Venezuela is investigating a report that the U.S. has been spying on executives of the state-owned petroleum company Petroleos de Venezuela (PDVSA), for more than ten years.
Venezuelan President Nicolas Maduro says, “The oil industry is the backbone of the Venezuelan economy. The U.S. empire for a long time has intended to sabotage Venezuela’s oil industry and defeat the Caracas government in order to steal the oil.”
His comments came after news reports that the former contractor for the U.S. National Security Agency (NSA) Edward Snowden, is to release information showing NSA had been spying on PDVSA’s senior executives.
Among Snowden’s allegations is the claim that NSA intercepted the calls and emails of the country’s energy minister Rafael Ramirez, who served as PDVSA’s president from 2004 to 2014.
“We cannot accept this,” says Maduro. “It is offensive, a violation of international law,” adding that he will deliver a letter protesting the reported spying to the U.S. chargé d’affaires in Caracas, Lee McClenny. He says he has ordered an investigation into the allegations.

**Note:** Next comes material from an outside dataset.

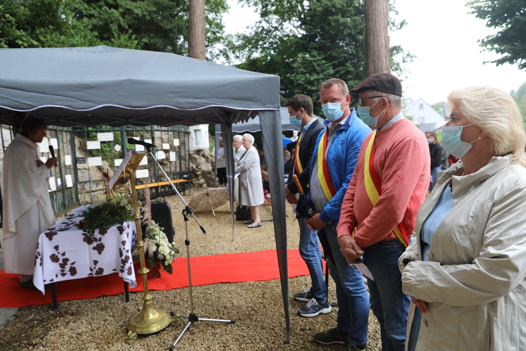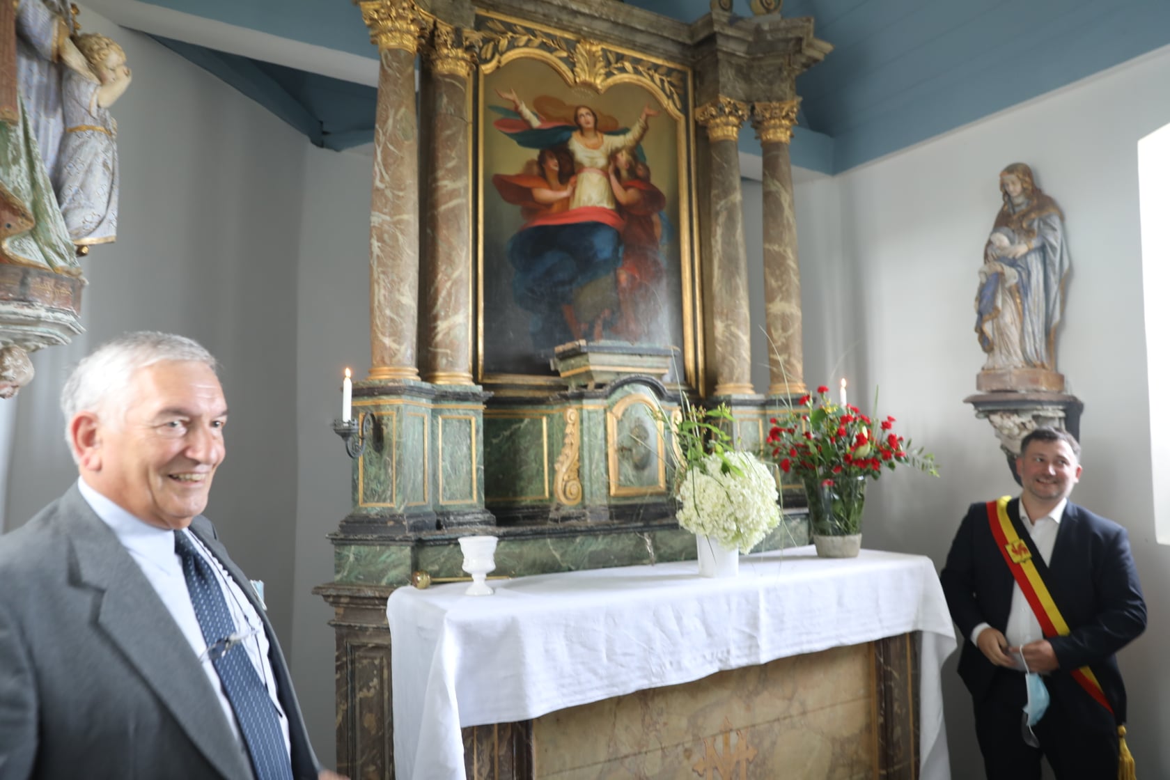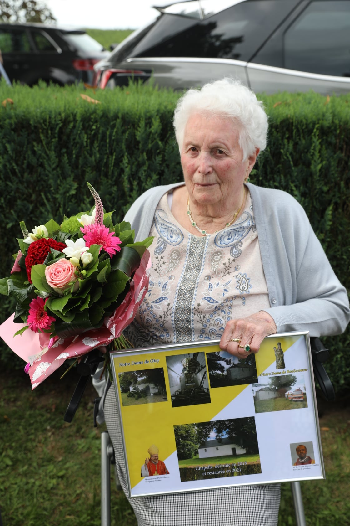 Après la messe, une procession a permis à chacun de rejoindre à pied la chapelle Notre Dame du Bon Secours. Ensuite, différents discours ont été prononcés par Michaël Modave, bourgmestre faisant fonction de la Commune de Bièvre et Sarah Lambot, employée au Centre de documentation/Bibliothèque. Dans son intervention, Monsieur Xavier de Voghel, a, quant à lui, remercié, au nom de la Fabrique d’Eglise de Oizy-Baillamont dont il est le président, « Madame Yvonne Piron, grâce à qui de très nombreux pèlerinages, de très nombreux moments de prière ont donné à ce haut lieu de notre village et de notre région une vie que nous aurons à cœur de faire perdurer encore de nombreuses années. Elle nous a transmis le flambeau non sans nous laisser bien des recommandations. Nous veillerons à ne pas trahir son empreinte à Oizy. » Un cadeau-souvenir et un bouquet de fleurs lui ont été remis. Monseigneur Warin a alors béni l’extérieur et l’intérieur de l’édifice rénové. Un tableau dont la thématique est l’Assomption de la Vierge ornait l’autel de la chapelle avant la tempête de 2018, mais, celui-ci a été dégradé par le temps mais surtout par les dégâts provoqués par la chute du tilleul. Une restauration splendide du tableau a été réalisée par l’artiste-peintre et restauratrice Marie-Marthe Haufferlin, moniale à l’Abbaye de Cordemois, non loin de Bouillon.

There has been no comment from the State Department or McClenny’s office.
The U.S. and Venezuela have not had full diplomatic relations since 2010, after 11 years of strained relationships with Maduro’s predecessor, Hugo Chavez, who died in 2013. Chavez continually accused the U.S. of trying to undermine his socialist Government.

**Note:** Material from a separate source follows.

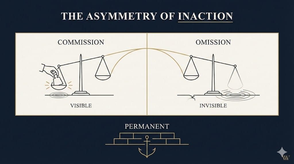 Over long horizons, the composition of an investment portfolio is shaped less by what went wrong than by what the investor declined to do when the evidence was clear. Financial statements record transactions; they do not include entries for foregone alternatives. This measurement gap, compounded by institutional incentives that penalize visible errors more than invisible ones, produces a persistent structural bias toward under-action.

Venezuela is the fourth-largest exporter of oil to the United States, after Canada, Saudi Arabia and Mexico.
Political observers say that Maduro’s call for the investigation may be a retaliatory move after two nephews of Maduro’s wife, Cilia Flores, were indicted in New York on charges of cocaine importation.
The Wall Street Journal recently published an article saying the U.S. had begun “a series of wide-ranging investigations into whether Venezuela’s leaders used PDVSA to loot billions of dollars from the country through kickbacks and other schemes.”